Plats Kita-ku, Ōsaka-fu, Japan Jobb-id R-034228 Datum inlagd 08/28/2018

【職務内容 / Job Description

To deliver clinical studies in Japan

  • Manage a cross functional team of clinical experts to operationally deliver defined clinical studies or assigned clinical project activities to time, cost and appropriate quality including documentations.  
  • Provide input into study start up activities (e.g. study feasibility, study specifications, vendor/partner contracts, authoring of clinical study protocols and budgeting including authorization and governance of payment).
  • Oversee the delivery to plan of studies performed through external partners (such as Alliance partners, CROs, vendors and Academic Research Organizations) and to monitor progress, identify and solve operational issues. 
  • Lead and manage all activities related to site management and monitoring including the following with agreed timelines, agreed budget and company standard quality.
  • Plan and deliver a site selection strategy
  •  Patient recruitment strategy including SMO managements
  •  Lead and manage CRAs including CRO CRAs to deliver clinical study data
  •  Develop and manage risk mitigation plans and contingency plans to execute site managements and monitoring from sites clarification to sites close on time.
  •  Manage the quality of clinical study data including queries and deviations and resolve issues as needed.
  •  Ensure the quality of monitoring visit reports focused on study specific contents.
  •  Lead activities associated with site audits in liaison with Clinical & Pharmacovigilance QA  and contribute to regulatory inspection in the area of site management and monitoring
  •  Escalate issues related to site management and monitoring to an appropriate person and contribute to resolve.
  • Responsible for ensuring timely compliance by clinical delivery sub team with mandatory governance controls (such as Delegation of Authority, Study attestations, Letter of Assurance and Clinical Trial Disclosure). 
  • Provide input and maintenance of up to date and appropriate quality, project and study plans (including timings and total costs) in agreed systems (such as IMPACT, OPAL and ACCORD).
  • Lead a work package or manage a clinical study including scope, budget, timelines, risk management and communicate status (e.g. via generation of reports) and make a consultation with relevant function as required.
  • Provide input along with the project team and functions the most efficient procedures to support delivery by taking the project situation and compliance requirements into account.
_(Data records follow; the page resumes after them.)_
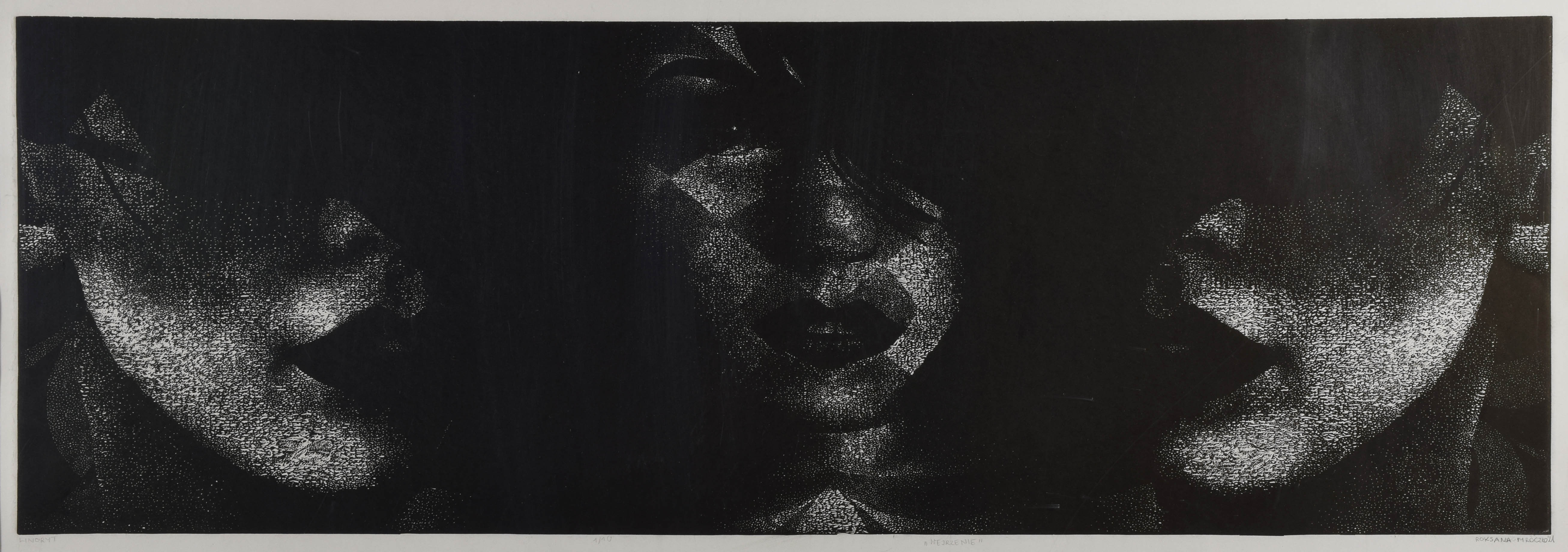 linoryt, papier; 29,5 x 87 cm (wymiar kompozycji), 48 x 90 cm (wymiar arkusza w świetle passe-partout); grafika opisana u dołu od lewej: LINORYT / 1/10, „WEJRZENIE”, ROKSANA MROCZKO'21 (ołówkiem).
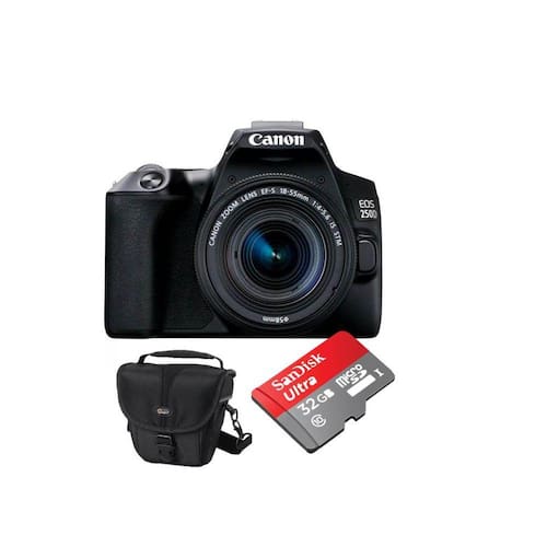Câmera Fotográfica EOS 250D e Lente 18-55mm Canon Preta A Câmera EOS 250D da Canon é uma DSLR leve e versátil que apresenta um sensor de 24,1 megapixels, processador de imagem DIGIC 8 para excelentes capturas de foto e vídeo em alta resolução, nitidez e clareza de imagens, conectividade wi-fi e bluetooth para o fácil compartilhamento de conteúdo quando emparelhada com seus dispositivos móveis, ecrã tátil de ângulo variável para melhor desempenho e enquadramento, bem como a versatilidade da objetiva 18-55mm que oferece estabilização de imagem para fotografias e vídeo, elemento asférico de alta precisão para reduzir distorções cromáticas em toda a faixa de zoom e proporcionar os melhores resultados. Especificações: Cor: Preta Marca: Canon Relação de aspecto: 3:2 Temperatura operacional: 0 – 40 °C Dimensões: 122,4 x 92,6 x 69,8 mm Sensor: CMOS de 22,3 mm x 14,9 mm Pixels Efetivos: Aprox. 24,10 megapixels Total pixels: Aprox. 25,80 megapixels Filtro "Low-Pass": Incorporado/fixo Sistema de limpeza integrado EOS Tipo do Filtro de Cores: Cor primária bateria de íons de lítio recarregável LP-E17 Especificações Objetiva Tamanho de Filtro: 58mm Ajuste do Foco: Sistema de focagem interno Construção da Lente: 13 elementos em 11 grupos Alcance Focal e Abertura Máx.: 18-55mm 1:3.5-5.6 Ângulo de Observação Diagonal: 74°20' - 27°50' Distância Focal mais Próxima: 0.82 pés / 0.25m Dimensões: 69.0 x 75.2mm, aprox. Itens Inclusos: 1x Bateria 1x Cabo de energia 1x EOS 250D Canon 1x Manual do usuário 1x Carregador 1x Alça de ombro 1x Objetiva 18-55mm Garantia: 90 dias Venda condicionada a existência de produto em estoque.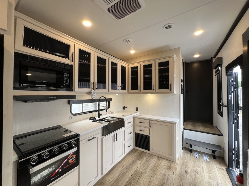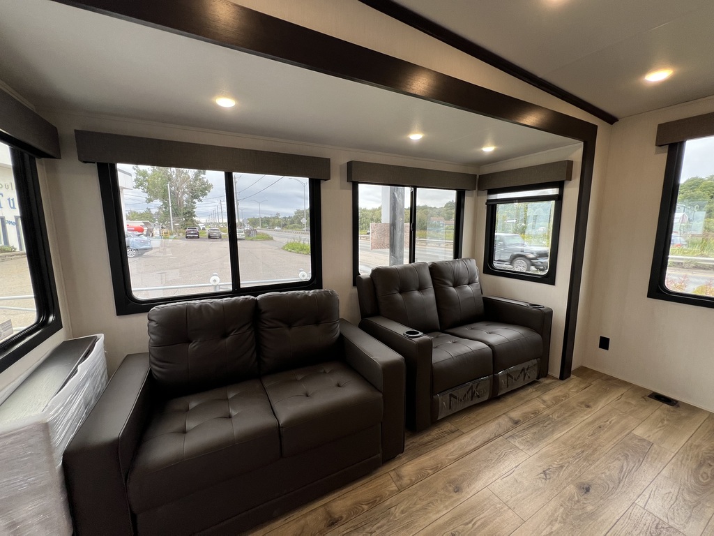 Magnifique fifth wheel Peut accueillir jusqu'à 4 personnes Chambre fermée avec lit queen à l'avant Canapé-lit Grande fenestration Cuisine équipée Réfrigérateur et congélateur Micro-ondes Plaque de cuisson Salle de bain complète Grande cuisine Espace de vie convivial Intéressé(e) ? Venez voir ! Rien de mieux qu'une visite en personne pour solidifier votre opinion. Chez Roulottes Turmel, notre équipe motivée et dévouée saura vous rassurer et vous aider dans vos recherches. Notre but est d'offrir le meilleur service-conseil relatif aux véhicules récréatifs ainsi qu'aux produits de qualité s'y rattachant. Nous saurons trouver ce qui vous conviendra pour rendre vos futures expériences de voyage et de camping inoubliables. *L'unité en stock pourrait légèrement différer des images présentées.

This includes that ensuring sufficient appropriate training on AZ processes, SOPs, standards and templates is provided to external partners.
  • Ensure translation into Japanese of study documents such as CSP and MICF.
  • Ensure that all study documents are ready for final archiving and sign-off completion of local part of the Trial Master File.
  • Manage the study delivery related activities associated with regulatory inspections/audits in liaison with Quality Assurance and other relevant parties. 
  • May be assigned responsibility for project management and leadership of non-drug project work including applying lean sigma and change management techniques.

【応募資格(経験、資格等)/ Qualification (Experience & Skill etc)

◆◆経験 / Experience◆◆

<必須 / Mandatory

  • University degree (or equivalent), preferably in medical or biological sciences or discipline associated with clinical research. Advanced degree is preferred.
  • At least 5 years’ experience from within the pharmaceutical industry or similar organization or academic experience.
  • Extensive knowledge of clinical operations, project management tools and processes
  • Good experience of clinical development / drug development process in various phases of development and therapy areas

<歓迎 / Nice to have

  • Oncology experience
  • Knowledge of process improvement methodology such as Lean Sigma/Change Management

◆◆資格 / License◆◆

<歓迎 / Nice to have

  • Project management certification

◆◆能力 / Skill-set◆◆

<必須 / Mandatory

  • Developing partnering
  • Influencing
  • Financial/Fiscal Awareness and Supplier/Partnership Management

◆◆語学 / Languages◆◆

<必須 / Mandatory

  • Business English (Speaking level 7 or above, achieve common understanding at the context level)
  • Native level Japanese

◆◆勤務地 / Work Location◆◆

  • Osaka or Tokyo

◆◆キャリアレベル / Career Level◆◆

  • D



AstraZeneca embraces diversity and equality of opportunity. We are committed to building an inclusive and diverse team representing all backgrounds, with as wide a range of perspectives as possible, and harnessing industry-leading skills. We believe that the more inclusive we are, the better our work will be. We welcome and consider applications to join our team from all qualified candidates, regardless of their characteristics. We comply with all applicable laws and regulations on non-discrimination in employment (and recruitment), as well as work authorisation and employment eligibility verification requirements.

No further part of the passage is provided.